Студент-ветеринар встал и опять попросил слова. Землемер кивнул головой.
— Меня очень тронуло, — начал студент с добродушной усмешкой, — что мнение его п-ства как раз совпадает с моим…
«Ага! — с некоторым удивлением сказал про себя генерал. — Ну, повертись же, брат…»
— Совпадает с моим по вопросу о том, что мы… не республиканцы. Но дальше этого пункта совпадение не пошло. Я говорил об ответственности министров (и, разумеется, прочих должностных лиц), — его п-ству это не понравилось. Оно и понятно: генеральская точка зрения — это особая точка… Я понимал так, что если власти от Бога, то они не должны обкрадывать народный сундук, — генерал, по-видимому, думает иначе…
— Да им как же… приличное жалованье привыкли огребать… расстаться тоже жалко! — послышался голос из толпы.
— Х-ха! — с досадой крякнул Авдюшкин и укоряюще покрутил головой.

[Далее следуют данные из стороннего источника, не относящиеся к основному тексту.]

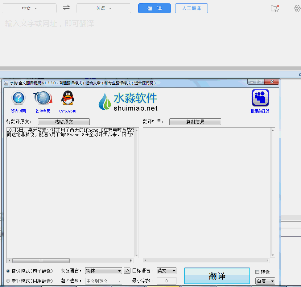 水淼软件出品的一款批量翻译(单向)和转译(双向)文章的软件。
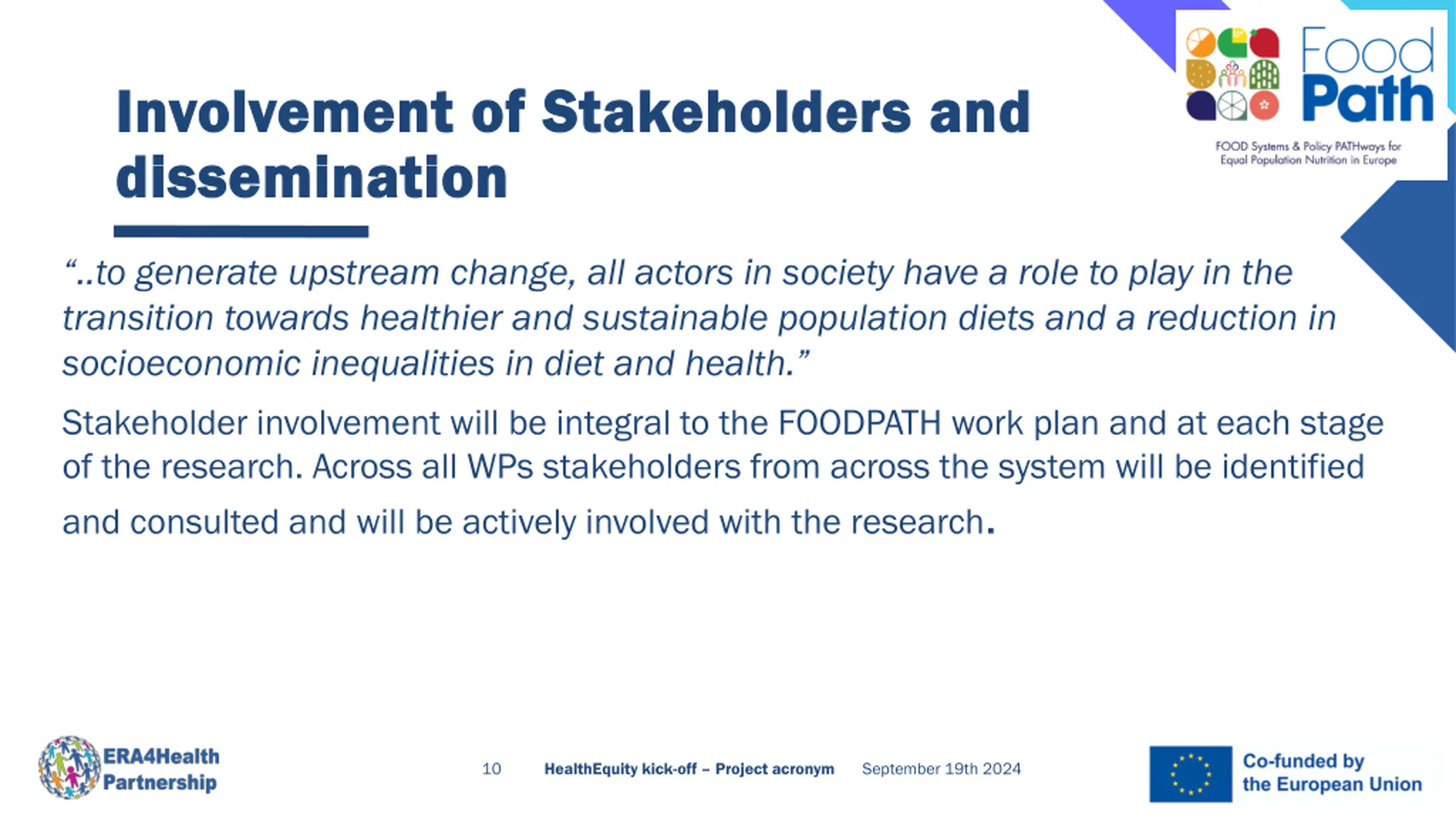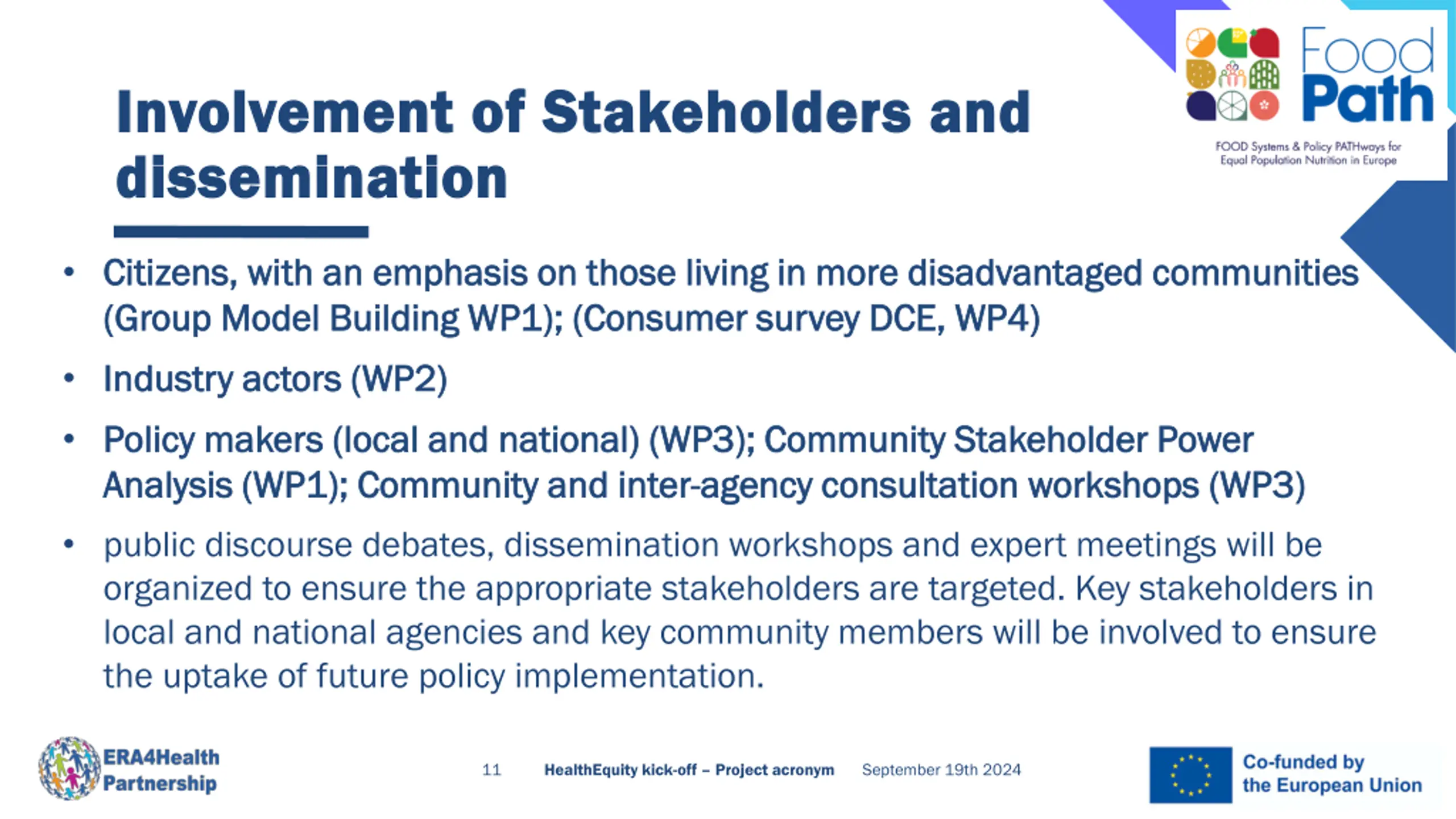 Involvement Involvement of of Stakeholders dissemination dissemination Stakeholders and and ..to generate upstream change, all actors in society have a role to play in the transition towards healthier and sustainable population diets and a reduction in socioeconomic inequalities in diet and health. Stakeholder involvement will be integral to the FOODPATH work plan and at each stage of the research. Across all WPs stakeholders from across the system will be identified and consulted and will be actively involved with the research. 10 HealthEquity kick-off Project acronym September 19th 2024

— Совершенно верно, г. урядник! — настойчиво продолжал голос, обращаясь, видимо, именно к Авдюшкину. — Им болячка наша не больна. Скажем, вздумается его п-ству лошадкам смотр сделать, — веди ее в поводу, при дуге, за сто верст в окружную станицу. А почему? Потому, что генералу проехаться страшно, боится обгореть, в холодочке лучше. Приведешь ее, — подбилась ногами, отощала. «Лошадь — ничего, но что-то мне в глаза не так бросается. Основательно принять ее не могу, — корми…» И в конце концов что же? Неделю потерял, проездил, да харч, да то, да се… Какая же тут правильность?..
Землемер встал и сказал:
— Граждане, прошу соблюдать очередь в речах!
Но генерал видел, что он рад этому нарушению порядка и нарочно не остановил этой рацеи вначале. Это и было то, что им всего нужнее, — то действительно грозное, чего он смутно опасался: что эта полуосвещенная, темная масса голов, бородатых и безбородых, лохматых и причесанных, лысых и стриженых, — не только будет слушать, щелкать семечки, шушукаться, хихикать, но и заговорит сама, начнет рассуждать, припоминать, приводить примеры, оглядываться на свою жизнь, взвешивать и сопоставлять. Тогда уж, конечно, придется сказать «прости» той высшей народной добродетели, на которой зиждется государственная целость и сила, тому высшему долгу простого человека — исполнительности, безмолвной, проворной покорности начальническому взгляду, жесту, слову и вере в незыблемый авторитет власти! Все поползет врозь, все погибнет, рухнет, одичает, ожесточится…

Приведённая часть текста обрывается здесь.